Monday, September 28, 2009

Understanding Conflict

cwts 1
lesson #2
This session facilitates the students to share and discuss their own ideas and feelings about conflict and to explore whether conflict has a positive value in human interaction. This will also provide students an opportunity to examine and analyze different types of conflicts, their root causes and manifestations.

1.
 Conflicts are part of our everyday lives. They are facts of life. Without conflict there is no change. They can be positive or negative depending on who handles them. They can either destroy or spur growth.
 Conflicts have their own energy which can be expressed or suppressed.
 If expressed constructively, they spur personal, social and political development. When conflicts intensify and escalate, these can lead people and groups to animosity, polarization, and violence.
 Violence can consist of actions, words, attitudes, structure, or systems that cause physical, psychological, social or environmental destruction.
 Instruments of violence may be physical, cultural, structural, or psychological. Responses to conflict that lead to peace include: conflict prevention, conflict settlement, conflict management, and conflict resolution and transformation.

2.
 Conflict is a relationship between two or more parties who have, or think they have, incompatible goals.
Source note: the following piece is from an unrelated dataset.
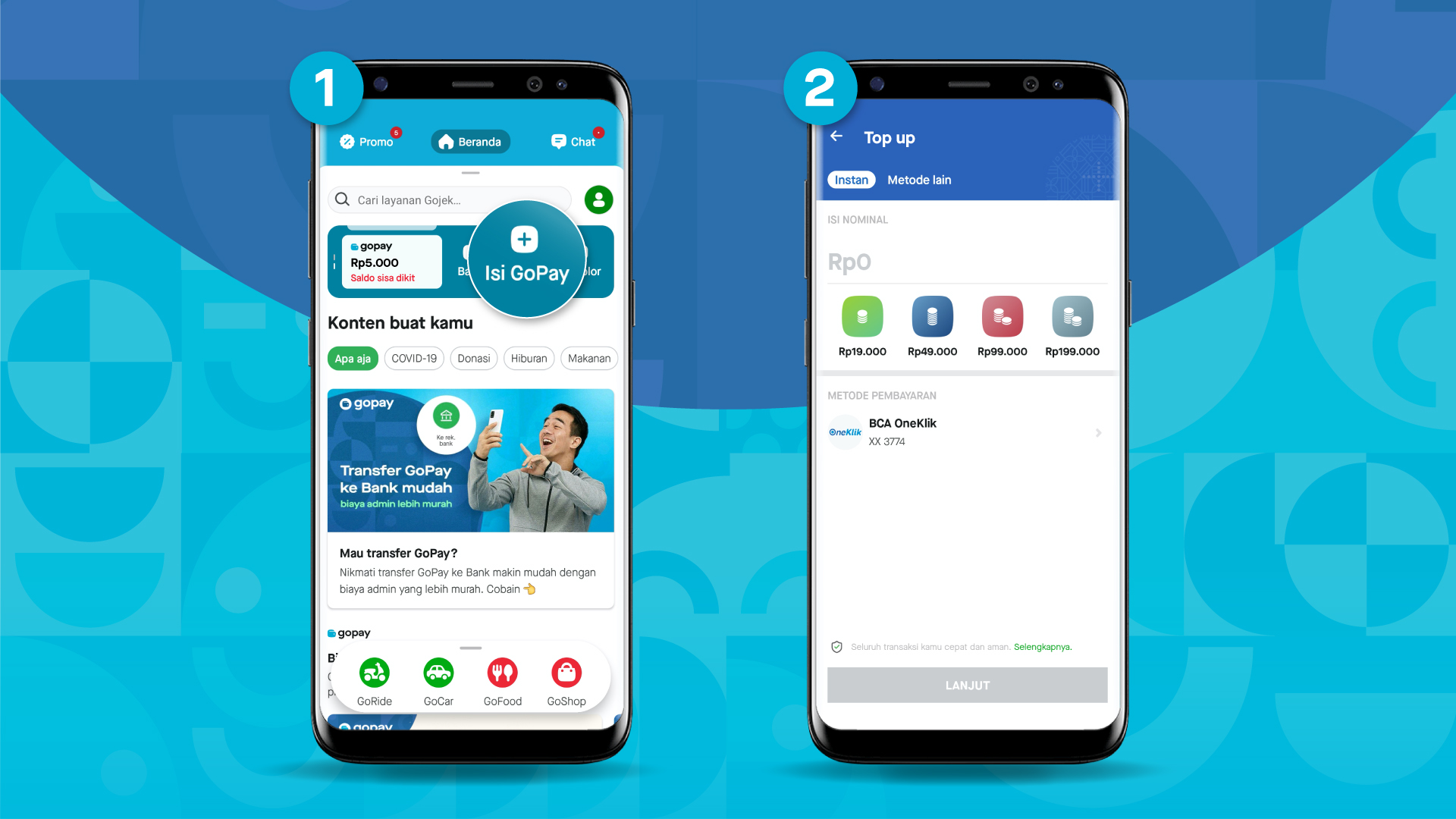 Gopay juga memiliki berbagai metode atau cara untuk melakukan pengisian saldo atau top up, seperti : Pada menu gopay, pilih isi gopay. Melalui driver gojek atau gocar. Sebenarnya cara mengisi gopay cukup mudah. Isi nomor kartu debit bca dan limit harian.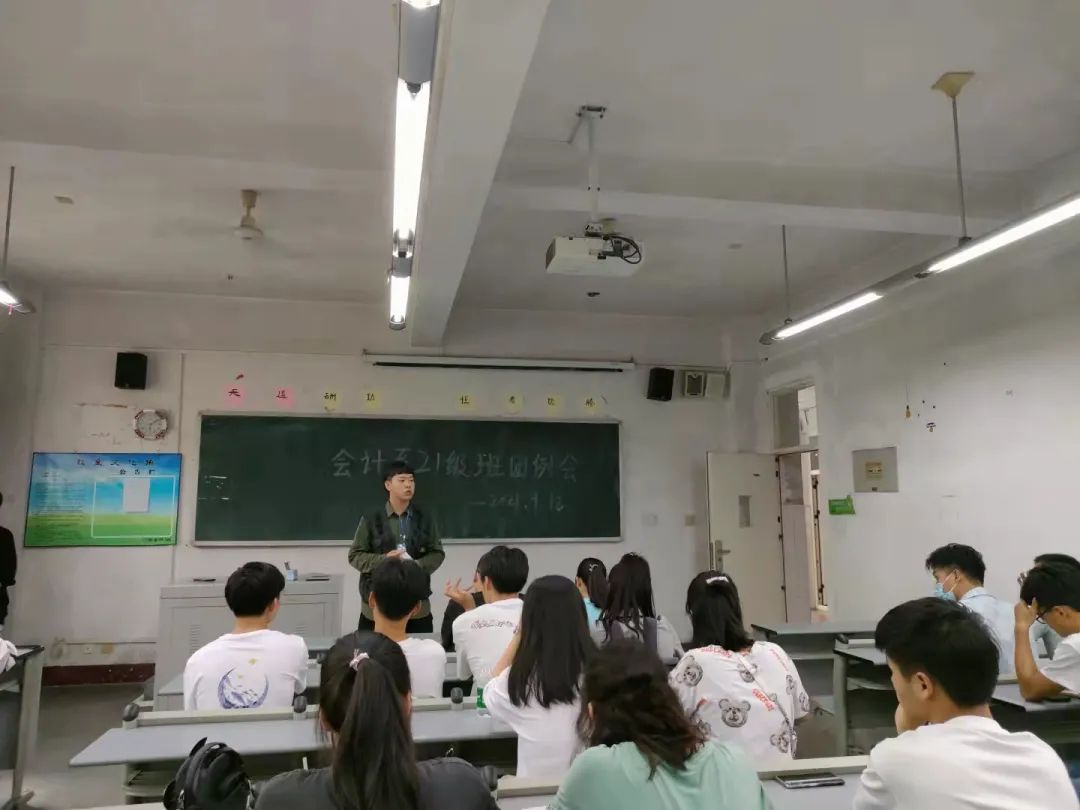 根据系党总支关于21级新生入学教育安排,为了让21级新同学更快融入会计系大集体,更好适应大学生活,会计系团总支,学生会为更好地促进系部和学生之间的交流,有效地解决新生提出的问题,会计系学生会于9月12日中午在 悟道楼2204教室开展了会计系21级班团例会,参加本次会议的参会人员有:21级各班班长、团支书、以及会计系学生会副书记杨姣、主席肖艇豫、副主席杨璐菱以及组织部部长古林静。

Violence consists of actions, words, attitudes, structures, or systems that cause physical, psychological, social, or environmental damage and/or prevent people from reaching their full human potential.
 Conflicts could be symbols of a healthy and dynamic society, if addressed properly. Latent conflict is a conflict that is not out in the open, but which may be brought into the open in order to be addressed effectively.
 Open conflict is a conflict that is deeply rooted and visible, which requires actions that target its root causes and control or transform its effects.
 Surface conflict may only be a misunderstanding of goals and could be improved by communication.
 Positive conflict is a conflict, which is non-violent and brings about positive change.
 Negative conflict is a conflict, which is violent and hurts people.

3. the Peace Building Map


4. By looking at the Peace Building Map, answer the following questions:

 Who start or produce conflicts?
 What do we mean by prevention, management, settlement, resolution, and transformation given the flow of the development of conflict?
 Can you cite any conflict and identify what stage it is given the map?